Is a B&W houndstooth four-in-hand considered "dressy" and "traditional" when it comes to morning dress? Thanks.
 

Salieri

One of the Regulars
Messages
107
Location
UK
Is a B&W houndstooth four-in-hand considered "dressy" and "traditional" when it comes to morning dress? Thanks.

It is. It's pretty much the go-to tie as a safe bet for morning dress really, especially if you're keeping to a greyscale theme.
 

Charlie Huang

Practically Family
Messages
612
Location
Birmingham, UK
Well, Sator is a tailoring enthusiast who started to deal with serious clothing only a few years ago. It would seem that he has relatively little to no background experience with formal clothes. I remember one of his older posts, from a few years ago, on AAAC about the idea of wearing a dinner jacket at the Opera, something he obviously had never done before.
It means that he probably wore a dinner jacket to somewhere for the first time in his 30s or so and if he does own a morning coat (he may as he is a tailor and could have made one) probably never wore it.
All this means that he had to get his experience and understanding of clothes from somewhere and this was books for him. This brings out his somewhat dogmatic views on some subjects (Stresemanns/Director jackets) and probably brought out his recent conversion to “lounge suit only”.
With nobody or almost nobody around him wearing anything more formal than a lounge suit (he lives in Australia after all) he more or less deleted from the realm of possible everything else.
This, of course, is a very narrow view of things but experience is what shapes us all.
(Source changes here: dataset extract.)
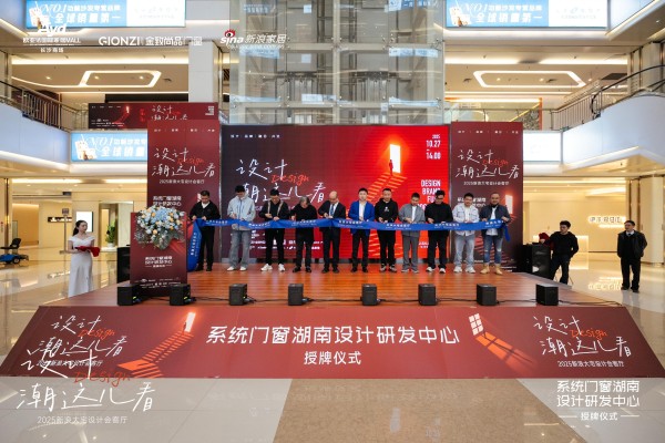致辞环节后,授牌仪式在庄重的音乐与全场瞩目中举行。金致集团董事长范泽金、唐军总经理、李金龙会长、王湘苏会长共同揭幕,"系统门窗湖南设计研发中心"正式挂牌成立,标志着金致尚品门窗在设计研发体系的进一步完善深化。
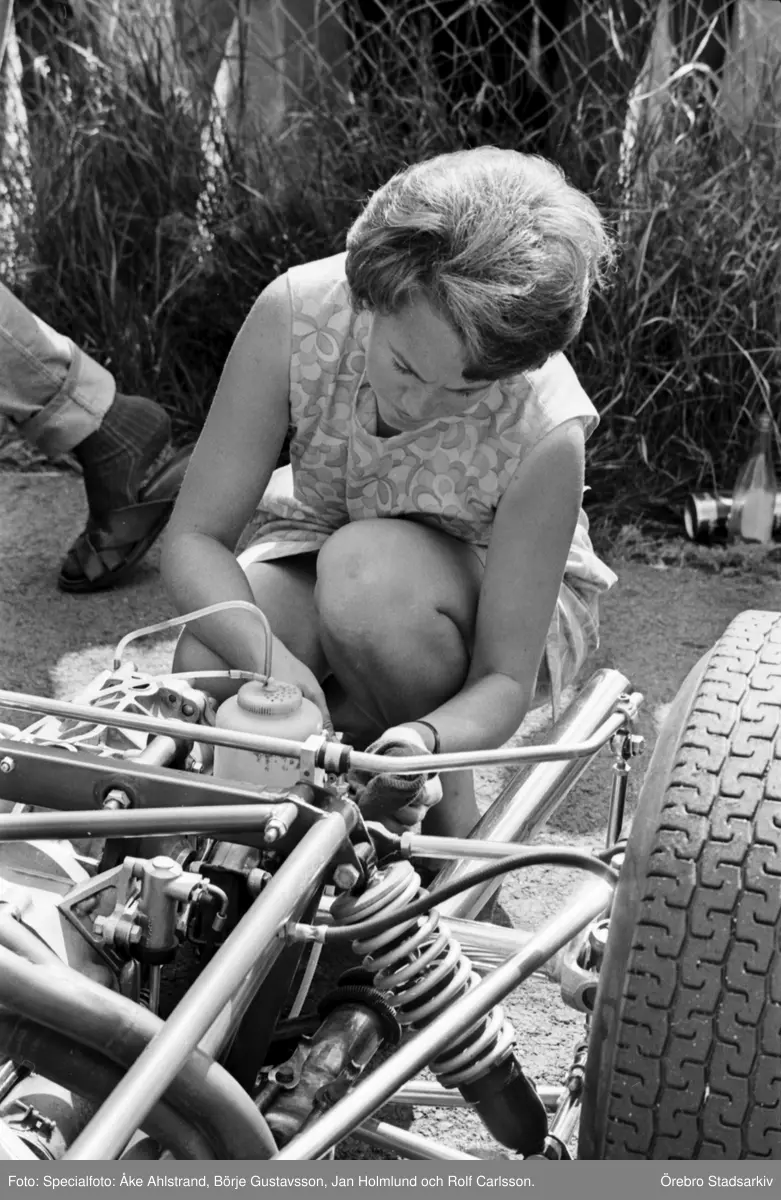 Kvinnlig mekaniker på Kanonloppet i Karlskoga. 1968-08-11

My experience is quite different and therefore I am rather happy to thank Sator for all the beautiful pictures and patterns he posted and for some of his older messages, but I am also quite happy to disagree completely with him on the subject of formal clothes.
Yours,

Phileas Fogg

P.S. I can agree with Sator's point that as he is paying for his forum he should be entitled to keep it serious and check its contents, but I do not agree with him about dress breeches being costume on par with some of the things in the pictures he posted.

P.P.S. Mr Huang you and your friends did very well on the day of the Royal Wedding.
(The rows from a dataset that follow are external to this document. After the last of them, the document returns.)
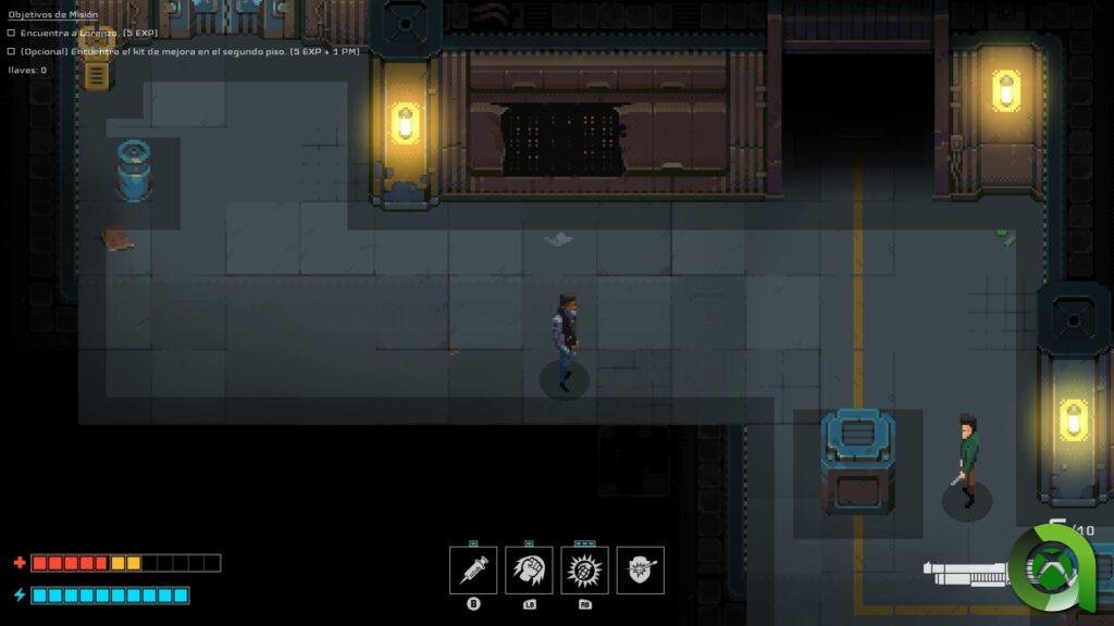 Podemos clasificar a este juego como un RPG clásico en 2D. Nuestro objetivo en Disjunction es infiltrarnos en edificios con el fin de descubrir documentos o información para ir avanzando en la trama. En este sentido podemos hacerlo al más puro estilo Solid Snake, mediante la infiltración, o a tiro limpio.
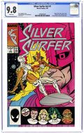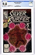 Newsstand Edition. "Aftermatch!" Guest-stars galore. Story by Steve Englehart. Art by Ron Lim, Joe Rubinstein, and Tom Christopher. In this transition issue the Silver Surfer wonders if he is destined to roam the space ways alone, Firelord and Starfox continue their pursuit of Nebula, the Kree arrive on Zenn-La, the Super Skrull lets the universe know he's back, and following the events of Avengers West Coast (1985) #39, Mantis longs for the Surfer. Plus, Galactus feeds. 32 pages. Cover price $1.00.
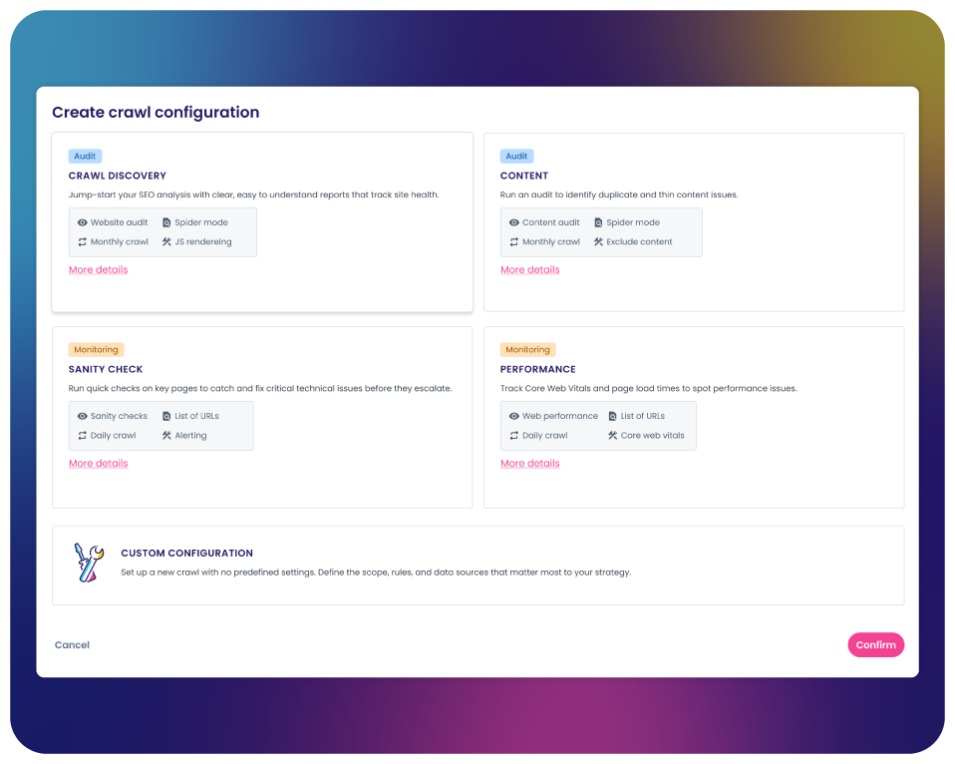 The Crawl Discovery Lens eliminates the guesswork when it comes to analyzing your site’s structure. The lens maps your SEO funnel, highlighting key issues across your site that prevent pages from surfacing in search results. Build a solid technical foundation, faster.
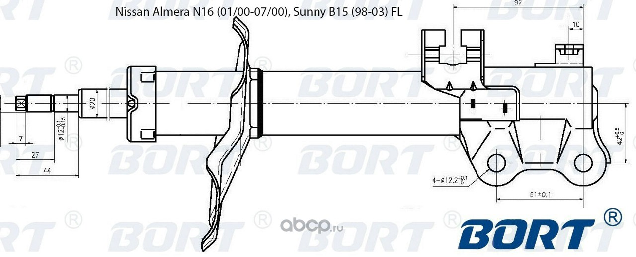 | BORT | G22045081L | Стойка амортизационная газомасляная передняя левая для Nissan Almera N16 (01/00-07/00), Sunny B15 (98-03) FL | ||
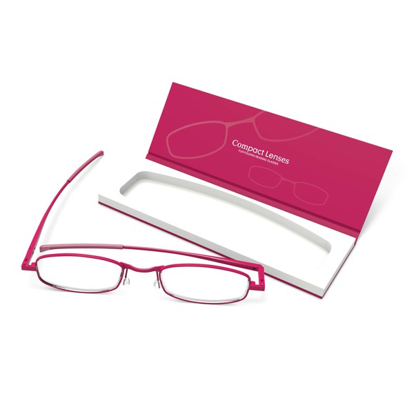 Super slim reading glasses designed to save valuable space in your pocket or bag. The unique folding mechanism allows the glasses to fold down incredibly flat without compromising the quality or the design. They also come presented in a super-thin notebook-style case, colour matched to the frames. The Compact Lenses are comprised of lightweight, stainless steel frames and optical grade aspheric lenses. They come in one smart unisex frame style in 12 different designs that are sold separately (berry, surf, frost, chilli,cinnamon, olive, port, orchid, twilight, storm, jet and espresso) with 5 different lens strengths available.

TBH, in the past I was in an experimental phase and wore all sorts of non-sense combinations of formal dress. I was learning back then. I have since become very knowledgeable and have become increasingly conservative and traditional in formal dress after discovering the beauty in simplicity and well cut clothing and style.
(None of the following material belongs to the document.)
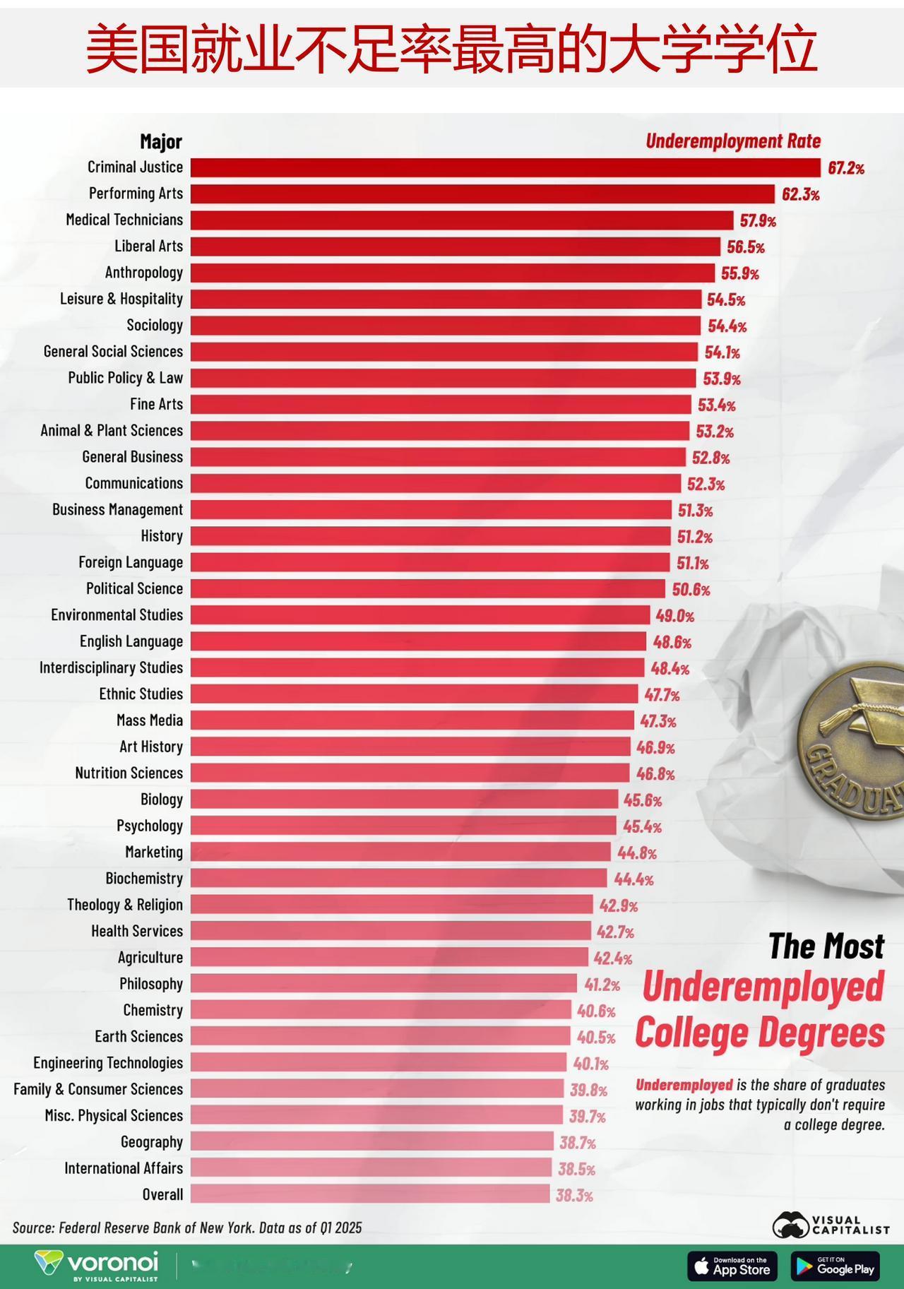 美国就业不足率最高的大学学位是什么? 如今,护理专业的毕业生就业不足率在全美范围内最低,仅为 9.7%。 就业不足率为就业市场提供了更细致的分析维度,它反映了毕业生中从事那些通常无需学位的工作的比例。从数据来看,在近 20 个专业中,2025年的就业不足率超过了 50%。 下面图表展示了美国就业不足率最高的几个专业类别,数据来源于纽约联邦储备银行。 ——2025 年就业不足:大学毕业生将面临严峻的就业市场形势 正如我们所见,刑事司法专业的毕业生整体的就业不足率最高,达到了 67.2%。 造成这一比例如此之高的主要原因在于,执法和私人安保领域的工作通常不需要大学学历。而且,要获得中央情报局或联邦调查局的工作机会竞争非常激烈,通常还需要多年的专业工作经验。 表演艺术(63.2%)和医疗技术员(57.9%)的学位排名紧随其后,呈现出相似的趋势。例如,心血管技术员通常只需要拥有副学士学位即可。 有趣的是,通用商务专业的就业不足率为 52.8%,远高于会计专业(17.9%)、数学专业(24.3%)和商业分析专业(27.2%)。这表明目前金融行业对专业学位的需求更为旺盛。

The problem I have with Sator is his classification of what he thinks are in the realms of 'costume' which is so broad that you could also take lounge suits as costume as well since most in the world outside us sartorialists would consider it a 'work costume' and if given the chance would have ditched it long ago for the office and boardroom in favour of jeans and T-shirts...
 

Phileas Fogg

New in Town
Messages
30
Location
Saigon
Well, it is only normal to experiment. We have to learn somewhere and experience is a good teacher. Some experiments may not be our happiest moment but if we recognize a mistake or somewhat which is anyway better dropped it is not that bad.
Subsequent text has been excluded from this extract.